Spatial Independent Component Analysis (ICA) decomposes the time by space
functional MRI (fMRI) matrix into a set of 1-D basis time courses and their
associated 3-D spatial maps that are optimized for mutual independence. When
applied to resting state fMRI (rsfMRI), ICA produces several spatial
independent components (ICs) that seem to have biological relevance - the
so-called resting state networks (RSNs). The ICA problem is well posed when the
true data generating process follows a linear mixture of ICs model in terms of
the identifiability of the mixing matrix.
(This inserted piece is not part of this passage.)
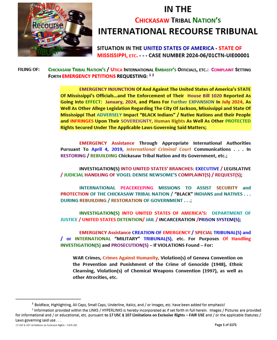 On June 22, 2024, Prime Minister Vogel Denise Newsome (after WELL over 12 combined hours in both United Nations Forums) was able to get their Chickasaw Tribal Nation’s Complaint/EMERGENCY Petitions . . . submitted!

However, the contrast function used
for promoting mutual independence in ICA is dependent on the finite amount of
observed data and is potentially non-convex with multiple local minima. Hence,
each run of ICA could produce potentially different IC estimates even for the
same data. One technique to deal with this run-to-run variability of ICA was
proposed by Yang et al. (2008) in their algorithm RAICAR which allows for the
selection of only those ICs that have a high run-to-run reproducibility. We
propose an enhancement to the original RAICAR algorithm that enables us to
assign reproducibility p-values to each IC and allows for an objective
assessment of both within subject and across subjects reproducibility. We call
the resulting algorithm RAICAR-N (N stands for null hypothesis test), and we
have applied it to publicly available human rsfMRI data (http://www.nitrc.org).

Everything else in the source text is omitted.